Peu m’importe que vous soyez sous pseudo ou non ! Comme l’impose la règle démocratique, je dois une réponse au citoyen que vous êtes. Je suis pour l’exercice des libertés et le respect des opinions divergentes et même quand des idées me desservent, je me battrai pour qu’elles soient exprimées, autant que cela dépend de moi. Je voudrais en outre vous remercier de votre courtoisie.
Malgré toute ma bonne volonté de vous répondre je me heurte à un souci de bonne lecture (compréhension) de votre question. Or en la matière, il est bon d’éviter de répondre sur la base de suppositions pour ne pas dire d’interprétations. Ne souhaitant toutefois pas donner l’impression de botter en touche, je voudrais vous dire que je ne vois pas bien l’incompatibilité que vous voulez insinuer (si telle est votre pensée). Lorsque je suis entré au gouvernement en janvier 2001, sur proposition du président Robert Guei, c’était bien dans le cadre d’une alliance entre l’UDPCI (mon parti de l’époque) et le FPI. Donc une alliance voulue par les présidents Guei et Gbagbo. J’en suis sorti (du gouvernement) en août 2002, à la suite du contentieux électoral du conseil général à Duékoué. À l’éclatement de la rébellion de septembre 2002, la logique de la politique de l’intérêt personnel, de la vengeance et des positions sans convictions aurait dû me conduire dans les bras de cette rébellion, semblez-vous insinuer. Je n’ai pas choisi ce raccourci pour la simple raison que le président Robert Guei a toujours agi en homme de recours et en patriote à au moins 4 reprises : (i) le respect de la légalité constitutionnelle de 1990 à 1993 alors que le président FHB était affaibli et vieillissant et surtout face à l’instabilité au sommet de l’état en décembre 1993 (crise Bédié-Ouattara qui était un bon prétexte pour l’armée de prendre le pouvoir, (ii) le refus de retourner les baïonnettes de l’armée contre le peuple dont cette armée est l’émanation (refus de mater le boycott de 1995), (iii) sa prise de pouvoir sans verser une seule goutte de sang, (iv) la mise à disposition de son parti pour aider son successeur (et adversaire à l’élection présidentielle) à gouverner.
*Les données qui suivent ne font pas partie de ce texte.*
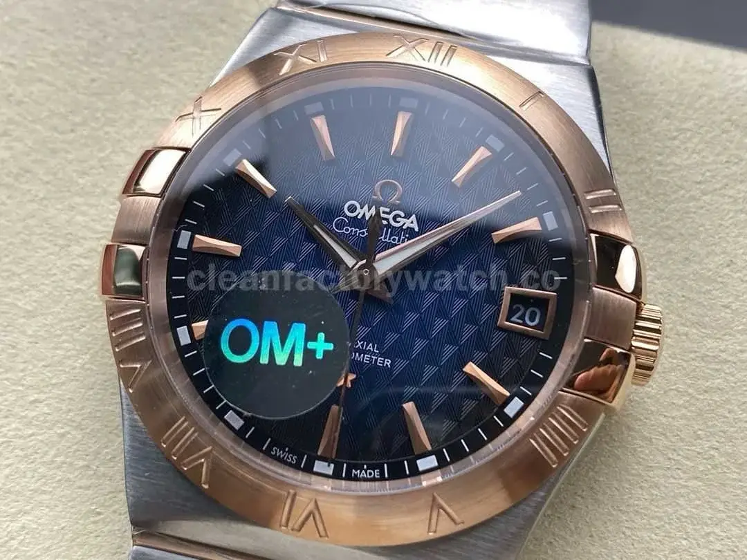 OM+ Factory Omega Constellation Men 123.20.38.21.03.001 38mm Rose Gold/Steel Blue Dial

Un tel homme s’est donc voulu plus patriote que revanchard. Concernant les circonstances de son assassinat, ceux de l’Udpci dont les prises de positions vous ont sans doute inspiré cette question, sont au pouvoir depuis 3 ans mais la manifestation de la vérité semble se faire attendre !
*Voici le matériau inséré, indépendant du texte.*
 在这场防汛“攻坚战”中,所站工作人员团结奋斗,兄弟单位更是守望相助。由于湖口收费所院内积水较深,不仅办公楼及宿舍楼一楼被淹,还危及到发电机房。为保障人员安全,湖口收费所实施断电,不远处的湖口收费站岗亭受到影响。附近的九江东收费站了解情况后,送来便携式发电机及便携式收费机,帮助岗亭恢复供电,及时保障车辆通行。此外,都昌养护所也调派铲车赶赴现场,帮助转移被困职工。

Pour le reste, lorsque votre question se fera plus précise, nos échanges le seront aussi. Sinon que, je suis moi-même l’organisateur structurel de mes convictions puisque pour moi la politique ne se fait pas par procuration ! Quant à votre incapacité à me lire politiquement, j’ai aussi du mal à la suivre. Pour moi, c’est moins les hommes qui comptent que les faits ou les valeurs dont ces hommes sont porteurs. Au ministère de l’Economie et des Fiances où j’ai servi pendant 17 ans, des témoignages vous éclaireront sans doute sur ma vocation aux choix des valeurs, de l’intérêt général, du travail, du respect de la parole donnée et de l’engagement. Ainsi, au Gouvernement de réconciliation nationale de 2003 à fin 2005, je ne pouvais comprendre que des ministres viennent vénérer le chef de l’état lors des conseils de ministres, décident avec lui et partent le vilipender dans leurs chapelles politiques partisanes respectives. C’est sans doute la rareté des acteurs politiques dans la défense de ces valeurs qui crée la confusion dans votre esprit et je peux le comprendre.